The bad performance happens because on every halt the host CPU decides
to halt itself too. When the interrupt comes, the vCPU thread is then
migrated to a new physical CPU, and in general the latency is horrible
because the vCPU thread has to be scheduled back in.

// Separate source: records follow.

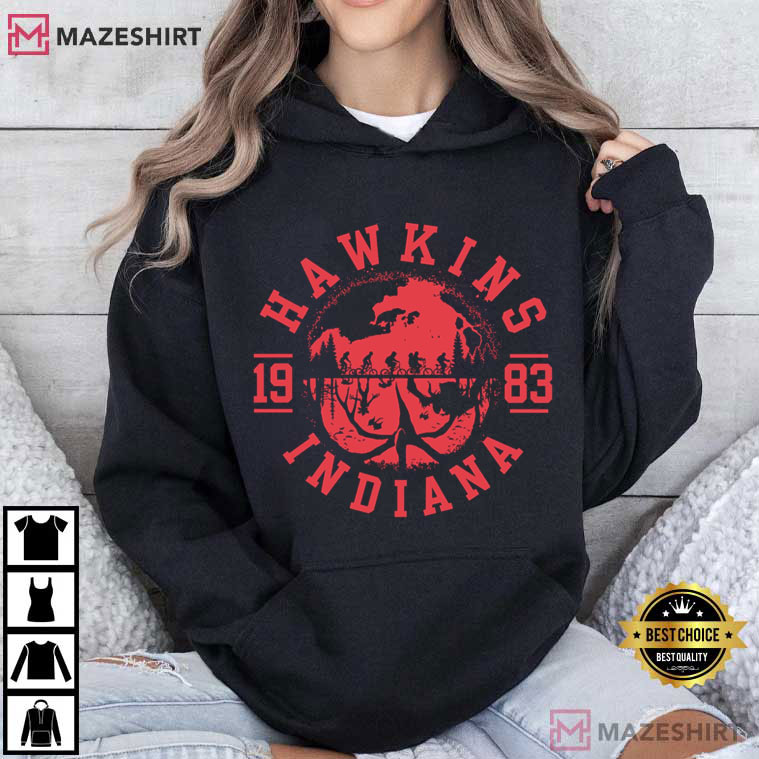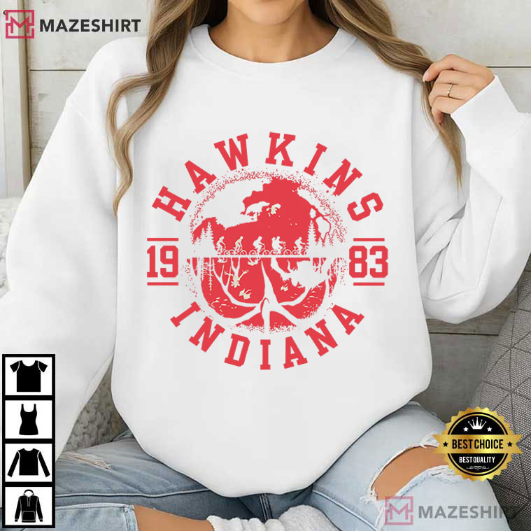 The Hawkins 1983 Indiana Upside Down Movie Lover T-Shirt is for people who know right away that the calm town wasn’t so quiet after all. This shirt looks like something from the past with its strong red-on-black print, but there’s something far more disturbing going on behind it. At first sight, the design looks old-fashioned, yet the further you look, the more you see its darker side.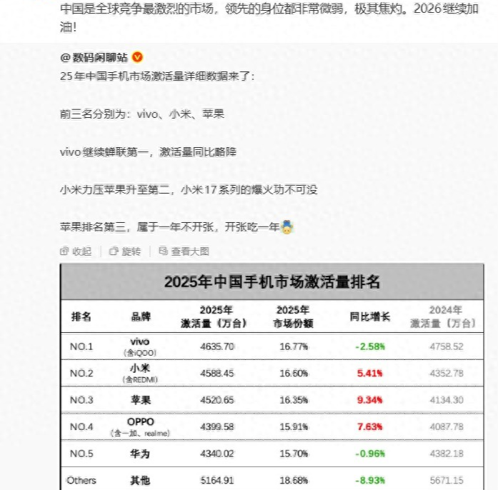 1 月 21 日消息,博主昨日爆料了 2025 年中国手机市场激活量详细数据,前三名分别为:vivo、小米、苹果。
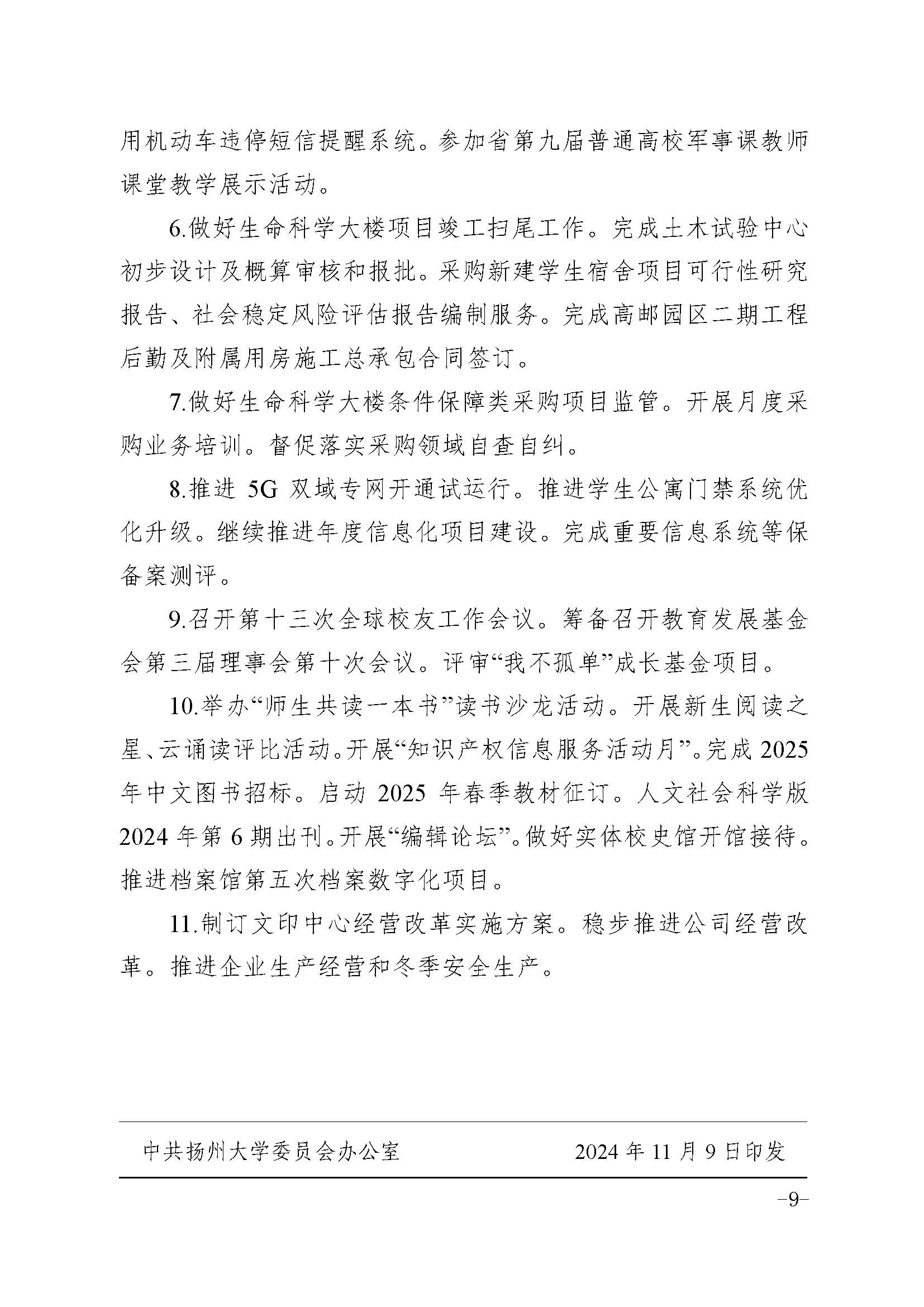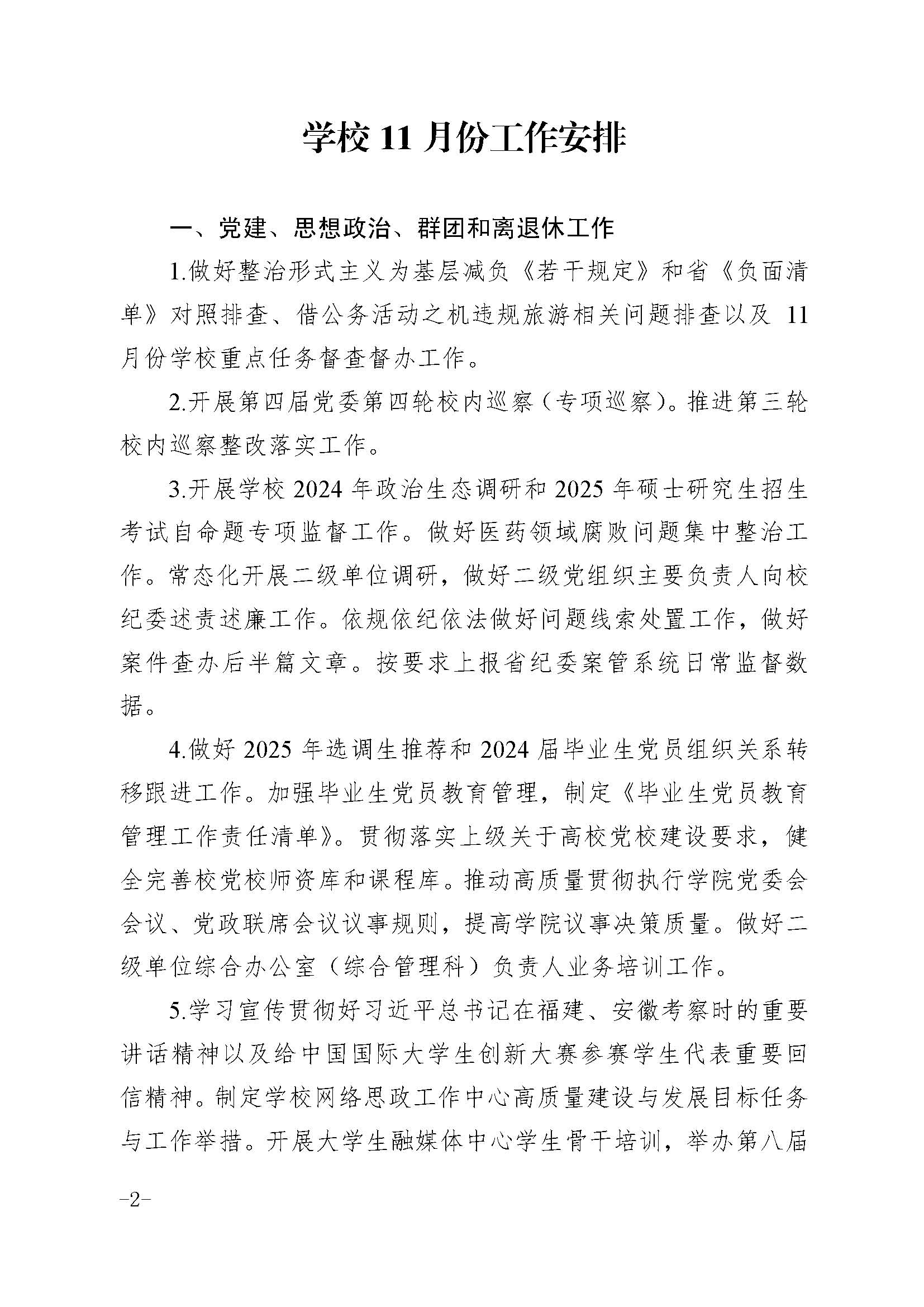 党委办公室校长办公室关于印发学校11月份工作安排的通知

With this patch performance reaches 60-65% of bare metal and, more
important, 99% of what you get if you use idle=poll in the guest. This
means that the tunable gets rid of this particular bottleneck, and more
work can be done to improve performance in the kernel or QEMU.

Of course there is some price to pay; every time an otherwise idle vCPUs
is interrupted by an interrupt, it will poll unnecessarily and thus
impose a little load on the host. The above results were obtained with
a mostly random value of the parameter (500000), and the load was around
1.5-2.5% CPU usage on one of the host's core for each idle guest vCPU.

The patch also adds a new stat, /sys/kernel/debug/kvm/halt_successful_poll,
that can be used to tune the parameter. It counts how many HLT
instructions received an interrupt during the polling period; each
successful poll avoids that Linux schedules the VCPU thread out and back
in, and may also avoid a likely trip to C1 and back for the physical CPU.

While the VM is idle, a Linux 4 VCPU VM halts around 10 times per second.
Of these halts, almost all are failed polls. During the benchmark,
instead, basically all halts end within the polling period, except a more
or less constant stream of 50 per second coming from vCPUs that are not
running the benchmark. The wasted time is thus very low. Things may
be slightly different for Windows VMs, which have a ~10 ms timer tick.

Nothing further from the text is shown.